Getting Started

Start with the main demo to learn how the library works, and the basic features.

To see what using it for exploratory analysis in practice looks like, check out my notebook analysing Indirect Object Identification or my recording of myself doing research!

Mechanistic interpretability is a very young and small field, and there are a lot of open problems - if you would like to help, please try working on one! For inspiration on where the field is headed and why it matters, I highly recommend reading A Pragmatic Vision for Interpretability and How Can Interpretability Researchers Help AGI Go Well. They’re a great starting point for thinking about what a useful research project looks like.

If you’re new to transformers, check out my what is a transformer tutorial and tutorial on coding GPT-2 from scratch (with an accompanying template to write one yourself!)

Installation

pip install git+https://github.com/TransformerLensOrg/TransformerLens

Import the library with import transformer_lens

(Note: This library used to be known as EasyTransformer, and some breaking changes have been made since the rename. If you need to use the old version with some legacy code, run pip install git+https://github.com/TransformerLensOrg/TransformerLens@v1.)

Loading a Model

The canonical way to load a model is with TransformerBridge.boot_transformers. It figures out the architecture, picks the right adapter, and hands you back a bridge object that exposes all the familiar APIs — to_tokens, to_string, generate, run_with_hooks, and run_with_cache:

from transformer_lens.model_bridge import TransformerBridge

bridge = TransformerBridge.boot_transformers("gpt2", device="cpu")
logits, cache = bridge.run_with_cache("Hello world")

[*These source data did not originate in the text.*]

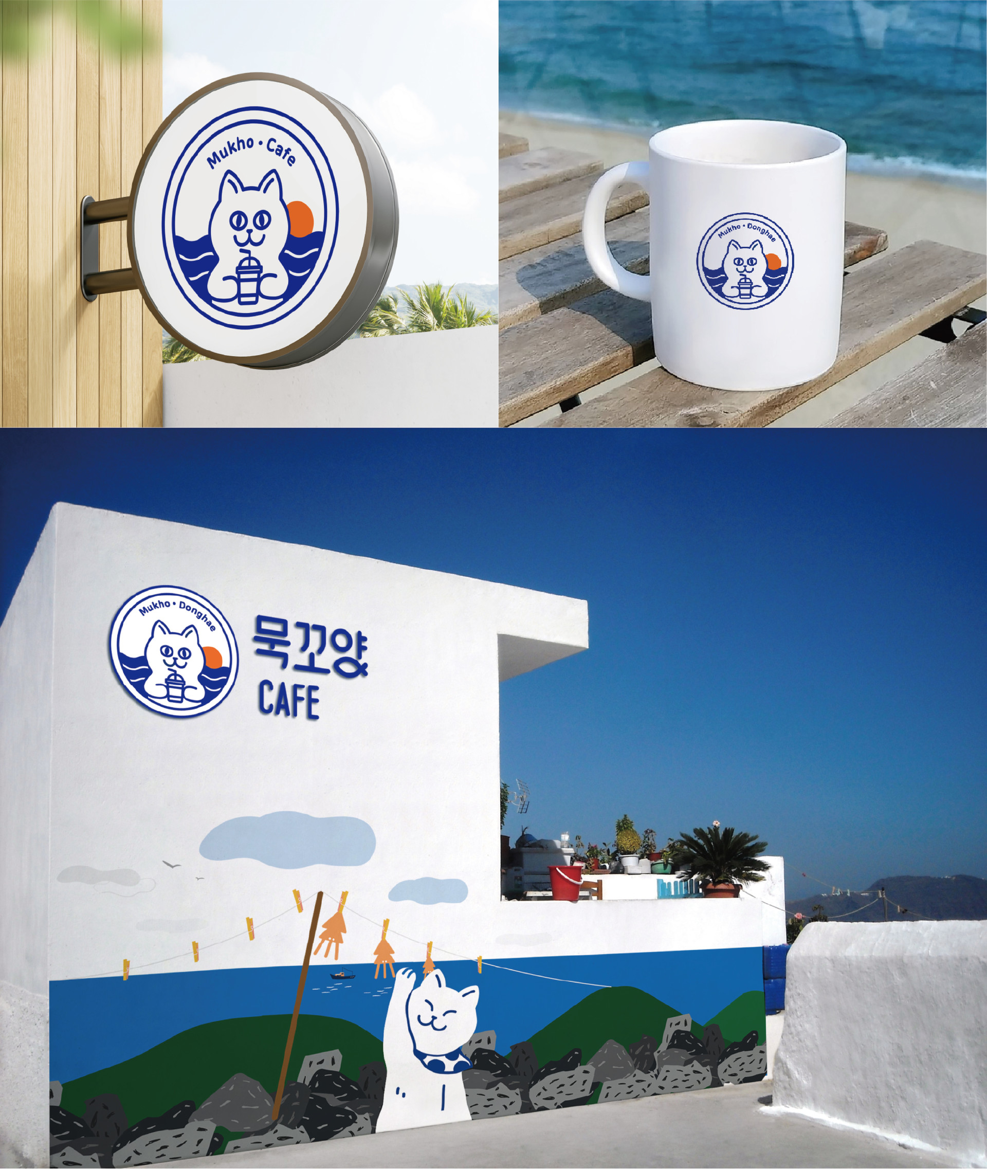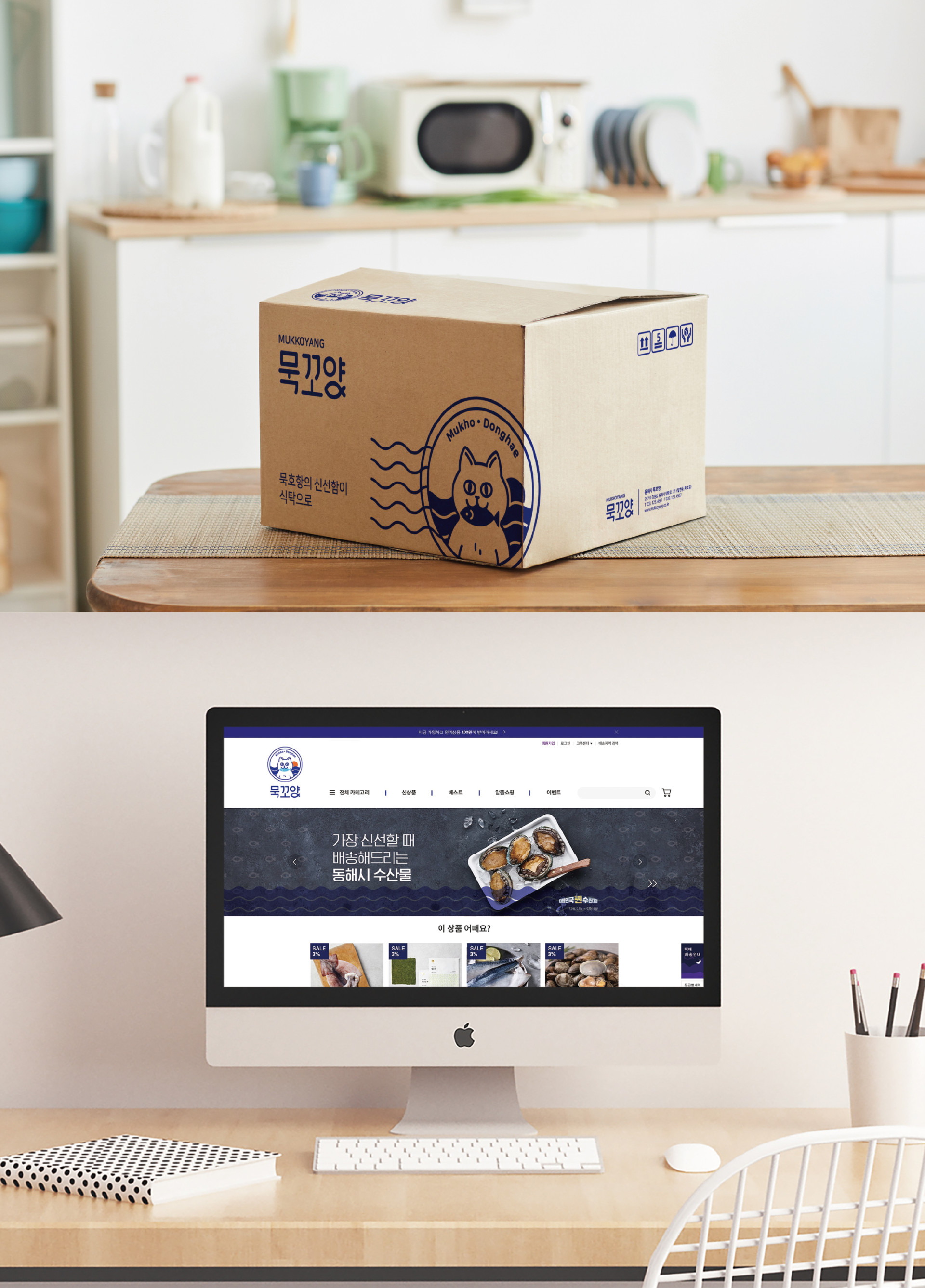 동해시청의 공동 수산물 브랜드 묵꼬양입니다. 과거 돈을 물고 다니는 개가 있을 정도로 번영했던 스토리가 있는 묵호항을 신선한 생선을 물고 있는 묵꼬양 고양이로 재미있게 개발하였습니다. 엠블럼 형태의 심볼로 동해시에서 인증하는 제품임을 나타내었으며 향후 지역 공동 이용시설인 묵꼬양 카페로도 브랜드를 사용할 예정입니다.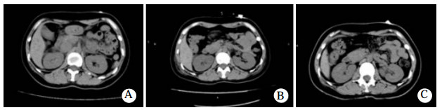 | 图 2 患者腹部CT(A:入院第1天;B:入院第4天;C:入院第7天) |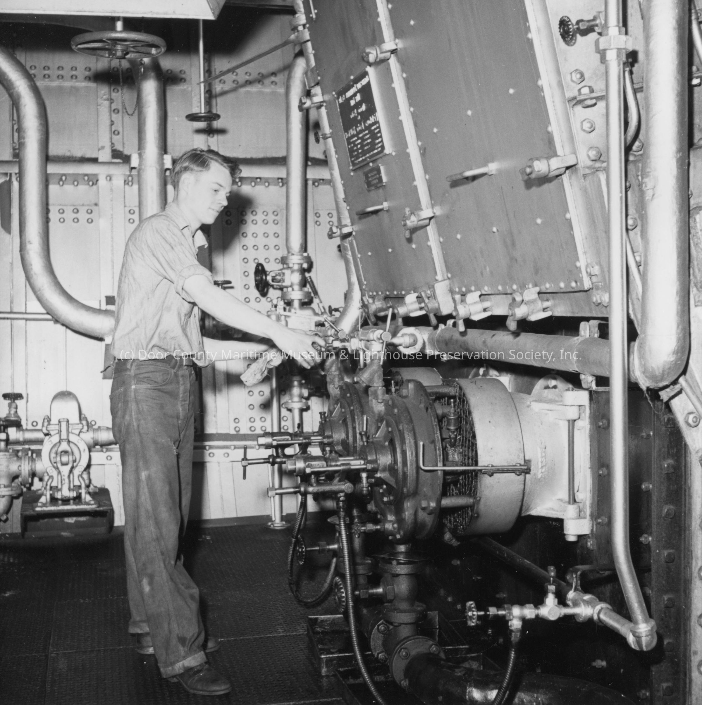 Young crewman adjusting valve on lighthouse tender HollyhockEntry/Object ID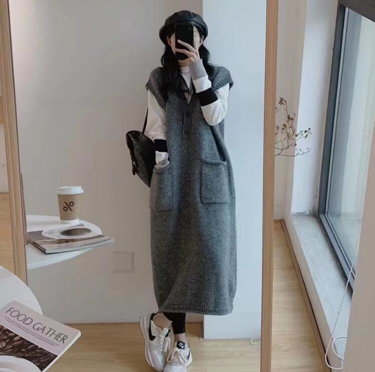 ワンピース レディース 秋 冬 ベスト ニットワンピース ロング ロングベスト ロングニット ノースリーブ ニットベスト ロングワンピース
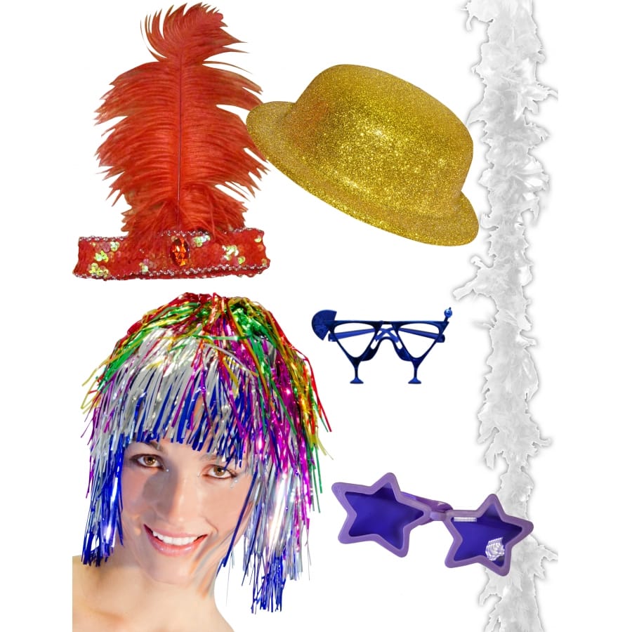 Voici un super kit pour déguiser toute la famille ou toute une bande d'amis, en effet, il comprend des accessoires pour 12 personnes. A tous les goûts et de toutes les couleurs, chaque membre de votre petit groupe y trouvera sûrement son accessoire de prédilection. Nous avons 2 boas de 50 g, 2 chapeaux melon pailletés, 2 paires de lunettes cocktail, 2 paires de lunettes géantes et 2 bandeaux charleston. Enfilez votre accessoire, et surtout amusez-vous bien !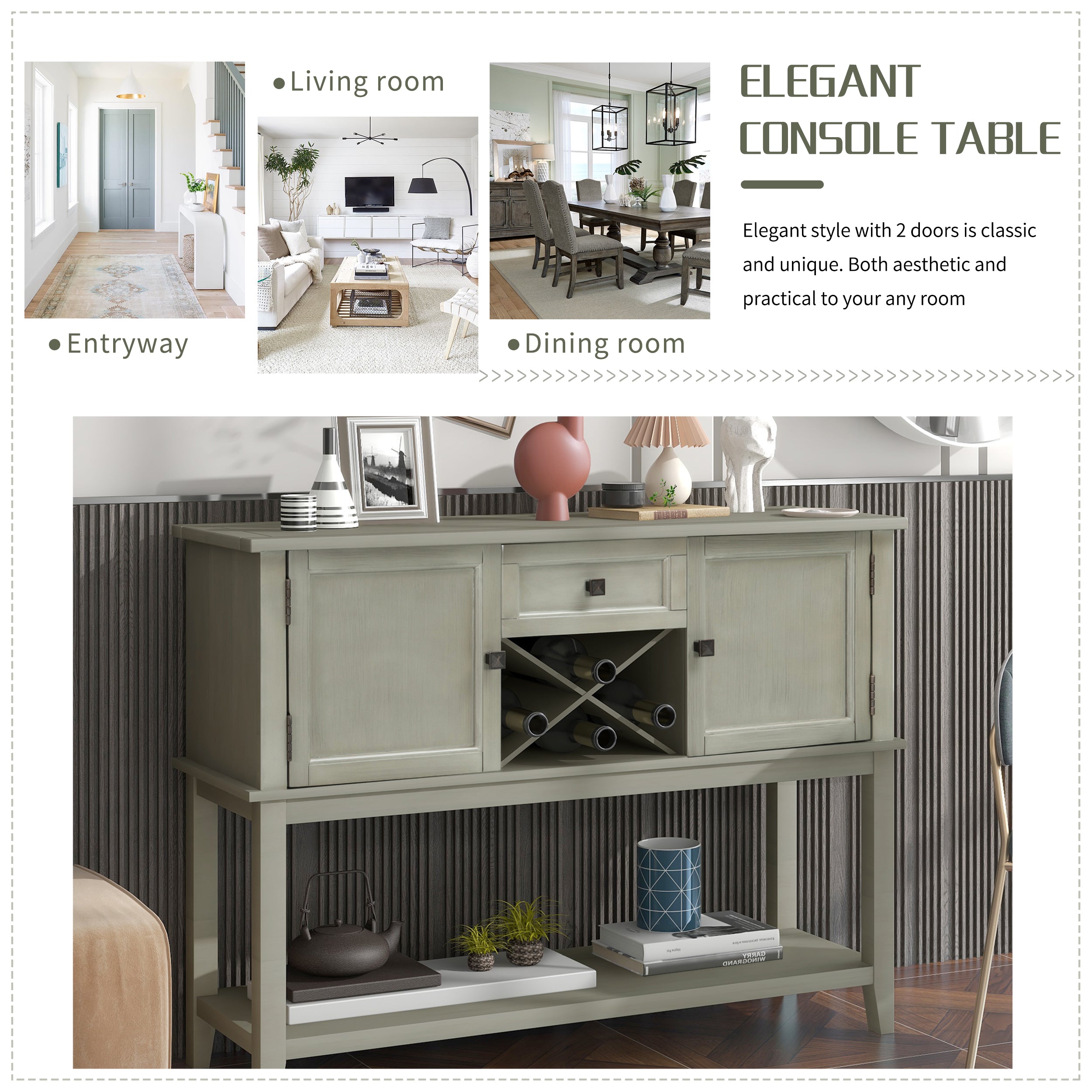 Wooden Console Table with Wine Rack Open Shelf Storage Sideboard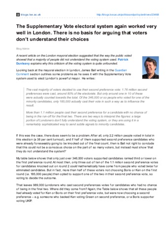 A recent article on the London mayoral election suggested that the way the public voted showed that a majority of people did not understand the voting system used. Patrick Dunleavy explains why this criticism of the voting system is quite unfounded.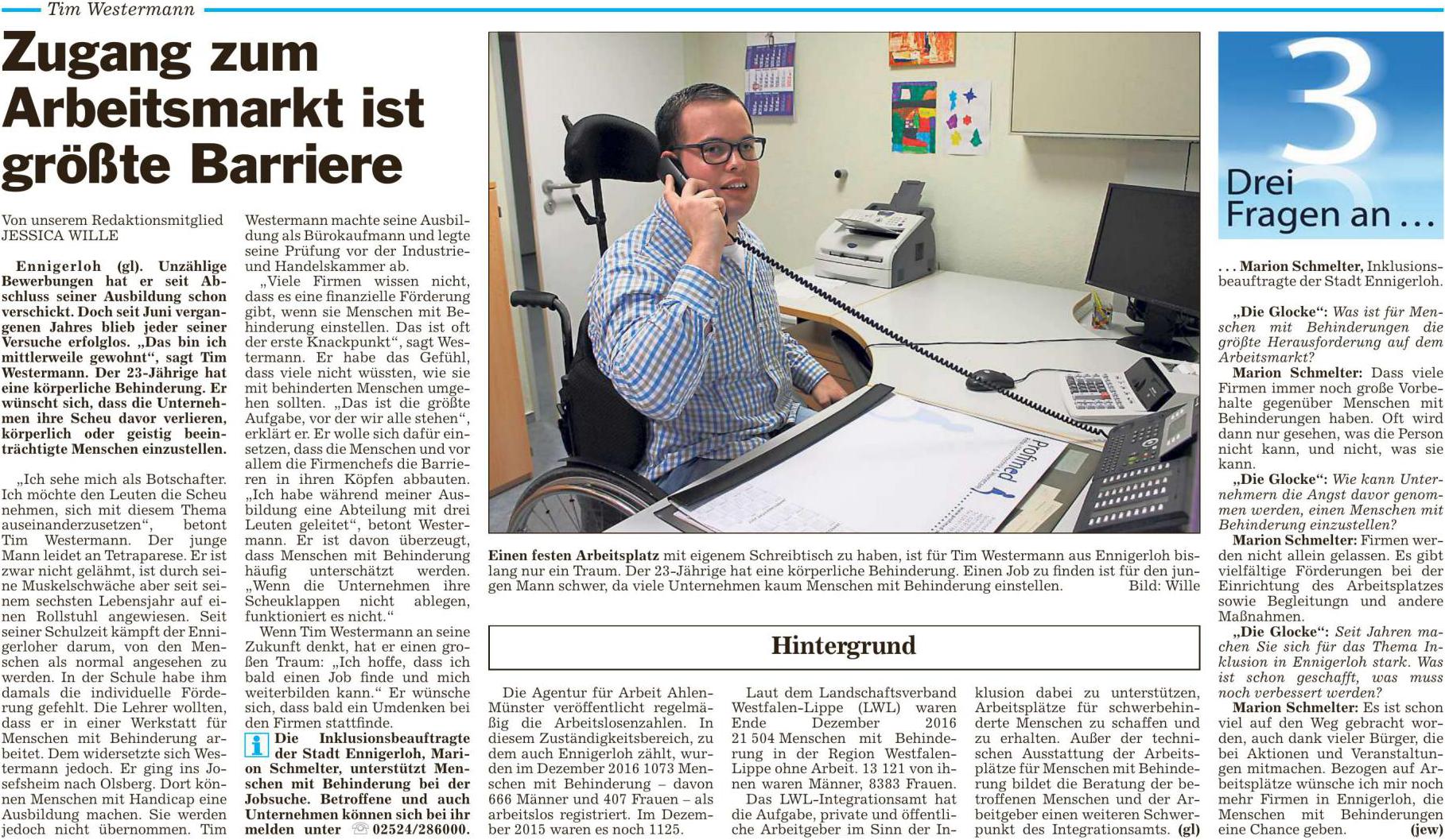 In Ennigerloh wurde eine Seniorenresidenz eröffnet. Schon vor der Eröffnung nahm die Inklusionsbeauftragte mit dem Leiter der Einrichtung Kontakt auf, um für Menschen mit Behinderungen zu werben. Die Anfrage wurde sehr positiv aufgenommen. Es wurden Gespräche mit Vertretern der Agentur für Arbeit, dem Integrationsfachdienst, den Freckenhorster Werkstätten und dem Leiter der Einrichtung organisiert. Erste Praktikumsstellen wurden nach der Eröffnung zur Verfügung gestellt und inzwischen gibt es die erste feste Anstellung. Ein Vorzeigeprojekt, welches aufzeigt was alles möglich ist.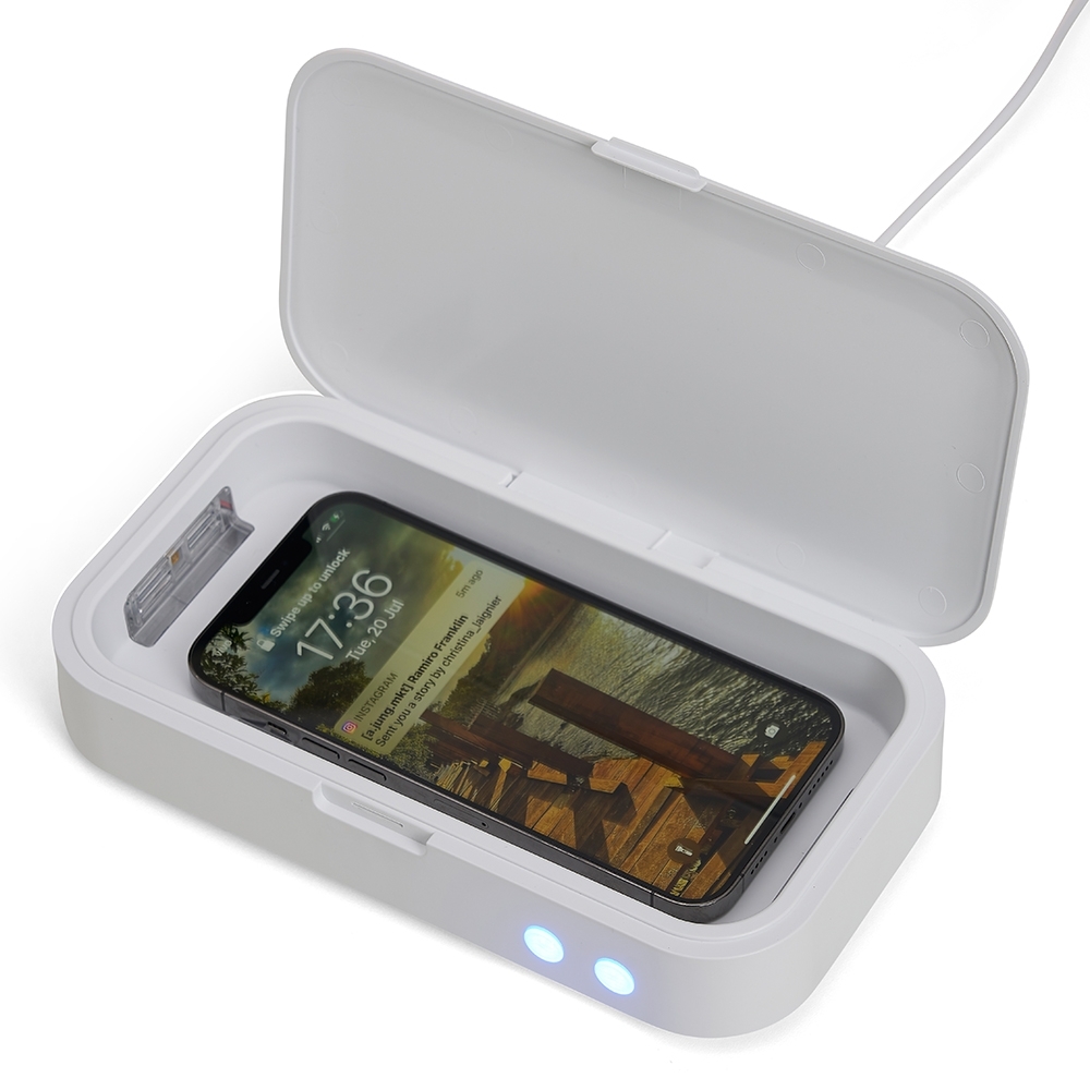 Caixa esterilizadora UV multifuncional. O produto esteriliza objetos através da exposição a luz UV-C, conhecida por eliminar 99% dos vírus e bactérias após um curto período de exposição. O produto também possui a função de aromaterapia, permitindo a utilização óleos essenciais a base de plantas (não inclusos) para aromatizar os objetos esterilizados. O produto também é um carregador wireless com tecnologia de indução, que carrega o seu dispositivo (compatível com tecnologia QI) enquanto realiza a esterilização. O produto acompanha: Pano para limpeza de superfícies, Cabo USB tipo C e Manual de instruções.

TransformerBridge wraps a HuggingFace model behind a consistent TransformerLens interface through an architecture adapter — each supported architecture has an adapter that maps the HF module graph onto a set of generalized components (embedding, attention, MLP, normalization, blocks) with uniform hook points. The big win is that the same interpretability code just works across arbitrary architectures, and the bridge preserves the native HF implementation rather than reimplementing it.

The bridge currently covers 50+ architectures spanning Llama, Mistral, Qwen, Gemma, OLMo, Phi, Mamba, LLaVA, and more. For the full list — including which models have been verified end-to-end — see the TransformerBridge Models page.

Advice for Reading the Code

The bridge is organized around a small set of generalized components wired together by an architecture adapter, which keeps the model code much easier to navigate than the older unified implementation. For a tour of the bridge’s canonical hook names, the component layout, and the expected tensor shapes at each hook point, see the Model Structure page. A small alias layer preserves the older TransformerLens hook names (e.g. blocks.{i}.hook_resid_pre) so legacy notebooks keep working — but new code should prefer the canonical names.

Huggingface Gated Access

Some of the models available in TransformerLens require gated access to be used. Luckily TransformerLens provides a way to access those models via the configuration of an environmental variable. Simply configure your HuggingFace access token as HF_TOKEN in your environment.

You will need to make sure you accept the agreements for any gated models, but once you do, the models will work with TransformerLens without issue. If you attempt to use one of these models before you have accepted any related agreements, the console output will be very helpful and point you to the URL where you need to accept an agreement. The most popular gated families supported by TransformerLens are the Llama, Mistral/Mixtral, and Gemma models.